§ **WORK REQUIRED**
The expected answer is a verbatim transcription of the lines below, beginning with the first and ending with the line that holds "- Lavender Coffin", without pictures.

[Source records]
|---|

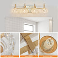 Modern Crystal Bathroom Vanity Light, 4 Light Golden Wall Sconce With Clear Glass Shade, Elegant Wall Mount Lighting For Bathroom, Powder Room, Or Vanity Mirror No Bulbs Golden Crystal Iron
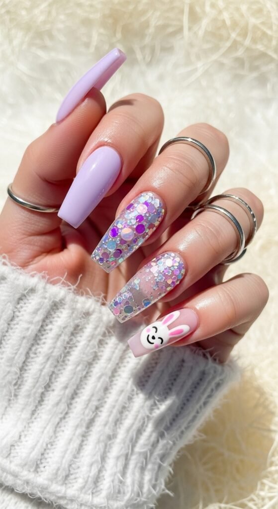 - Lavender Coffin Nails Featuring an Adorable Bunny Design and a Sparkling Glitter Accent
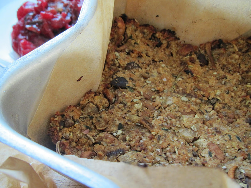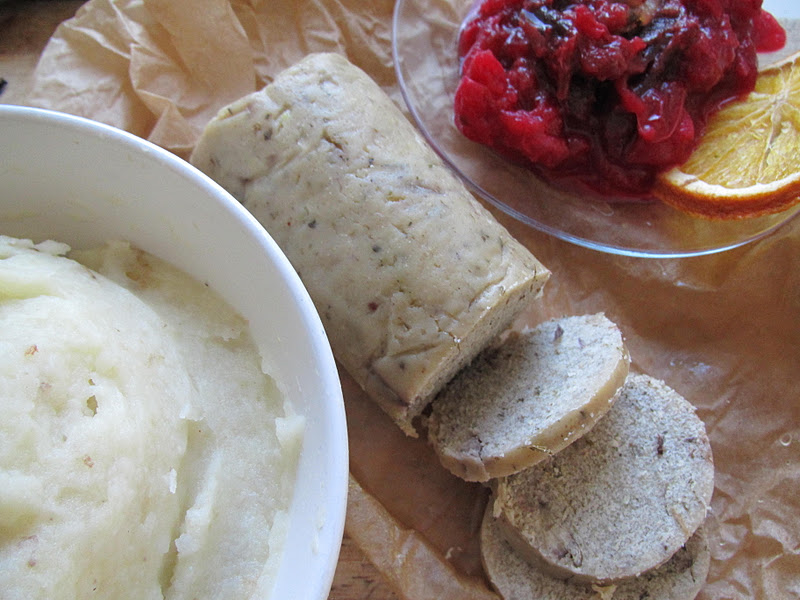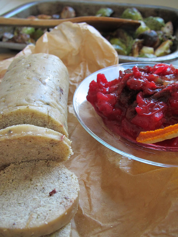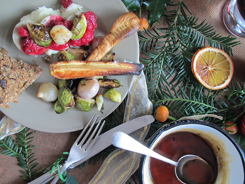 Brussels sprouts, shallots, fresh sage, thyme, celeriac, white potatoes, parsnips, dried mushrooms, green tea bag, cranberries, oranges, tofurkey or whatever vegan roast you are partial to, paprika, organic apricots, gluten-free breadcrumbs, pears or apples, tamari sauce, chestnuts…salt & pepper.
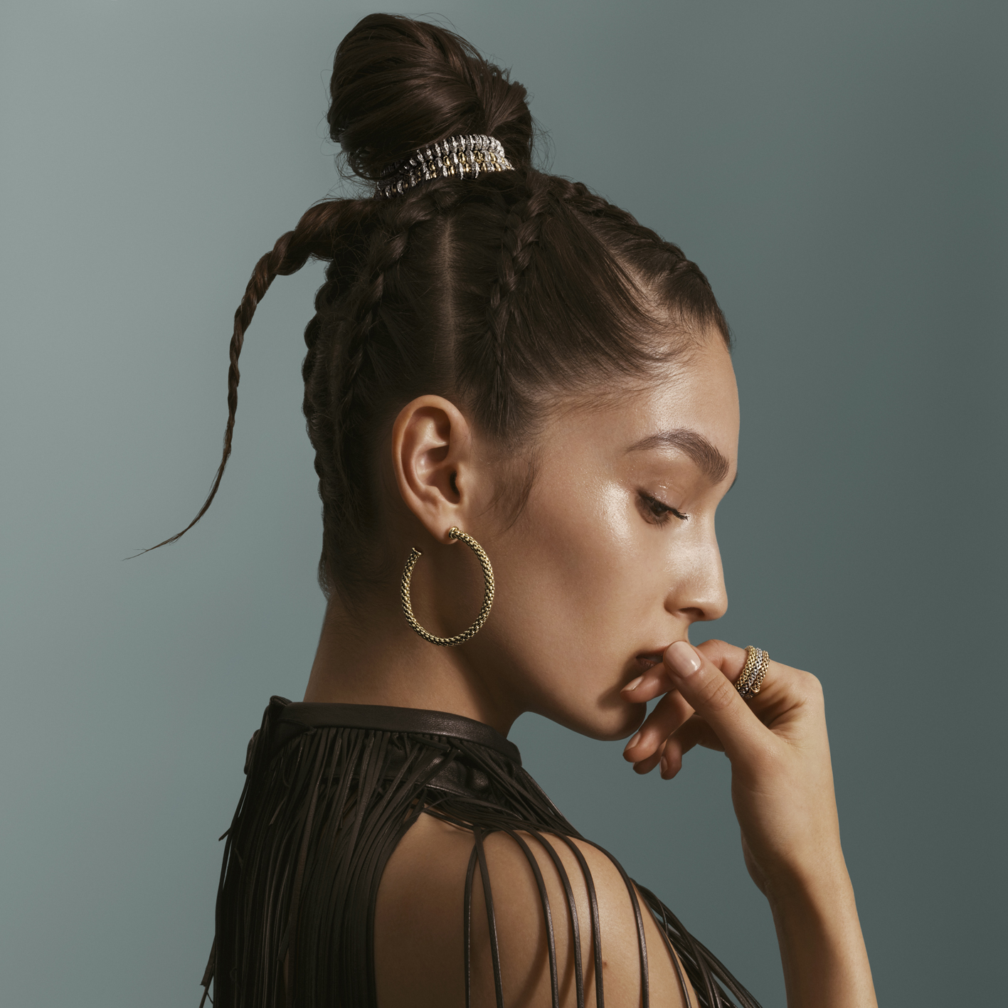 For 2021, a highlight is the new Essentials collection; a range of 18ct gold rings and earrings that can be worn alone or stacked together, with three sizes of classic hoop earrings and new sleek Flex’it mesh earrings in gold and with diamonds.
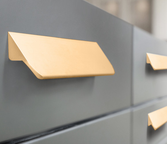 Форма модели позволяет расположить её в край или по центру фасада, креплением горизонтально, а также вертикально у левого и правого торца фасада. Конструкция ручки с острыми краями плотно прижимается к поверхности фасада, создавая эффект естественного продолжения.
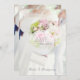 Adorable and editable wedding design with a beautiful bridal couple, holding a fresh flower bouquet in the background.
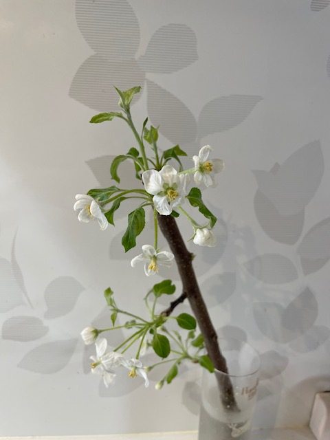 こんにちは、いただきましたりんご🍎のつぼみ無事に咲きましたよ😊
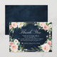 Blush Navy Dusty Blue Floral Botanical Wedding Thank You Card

|---|

§ **RESULT OF THIS EXERCISE**
 Modern Crystal Bathroom Vanity Light, 4 Light Golden Wall Sconce With Clear Glass Shade, Elegant Wall Mount Lighting For Bathroom, Powder Room, Or Vanity Mirror No Bulbs Golden Crystal Iron
 - Lavender Coffin Nails Featuring an Adorable Bunny Design and a Sparkling Glitter Accent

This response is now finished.